Laws and regulations aren’t going to solve the dilemma. The Federal Trade Commission has shrugged and admitted defeat; the powerful-sounding federal agency’s best hope now seems to be its annual contest inviting the public to come up with solutions.

Beginning in 2012, the agency has awarded substantial prizes to innovators who dream up tools to thwart evil with innovation. The first victor, an app called Nomorobo, promises to intercept and dump automated calls after the first ring, and it’s free. Unfortunately, it currently works with only a limited number of providers. If you use AT&T or Verizon, it may be worth checking out.

A Google search for other solutions turns up pages with headlines like “Rage Against Robocalls” and “Reaching Out to Avoid Someone, Like a Telemarketer or Politician.” They echo the kind of bland advice you’ll find on the FTC’s own website: Keep your number to yourself. Hang up right away. Ignore unknown numbers.

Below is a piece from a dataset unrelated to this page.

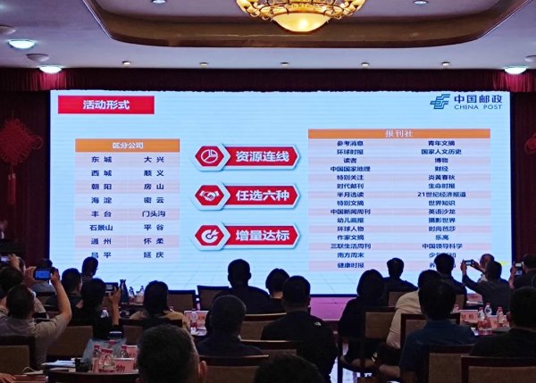 9月26日,北京郵政邀請(qǐng)近30家重點(diǎn)暢銷報(bào)刊社領(lǐng)導(dǎo)與工作人員參與“比武爭(zhēng)先促提升 比學(xué)趕超當(dāng)先鋒”暨大收訂暢銷報(bào)刊業(yè)務(wù)發(fā)展比武大會(huì)。北京市郵政分公司副總經(jīng)理范小榮,北京市郵政分公司市場(chǎng)部、發(fā)行局及各區(qū)郵政分公司相關(guān)領(lǐng)導(dǎo)及工作人員參會(huì)。會(huì)場(chǎng)特別布置為茶話會(huì)形式,議程穿插現(xiàn)場(chǎng)抽獎(jiǎng)環(huán)節(jié),會(huì)議氛圍始終喜慶、熱烈。
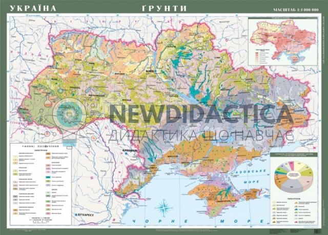 Опис товару: Настінна карта ґрунтів України — географія в НУШ Якісна карта видів ґрунтів України на планках — практичний наочний засіб для сучасних уроків географії. Особливості карти ґрунтів Серед особливостей карти, які особливо відзначають вчителі: цупкий ламінований папір; яскраві, стійкі кольори; пластикові планки для зручності використання; великий розмір 148х107 см.

Or consider the most radical, lowest-tech solution of all: Don’t answer the doggone thing. Turn down the ringer and screen your voicemail. From a technical standpoint, this seems akin to telling someone who drives a broken-down clunker, “Get a horse.” Nevertheless, it costs you nothing and it really does work.

No matter how the little voice inside your head shrills, “Pick up the phone” … ignore it. Just keep your fingers crossed that, when you win the Publisher’s Clearinghouse Sweepstakes, they contact you by email.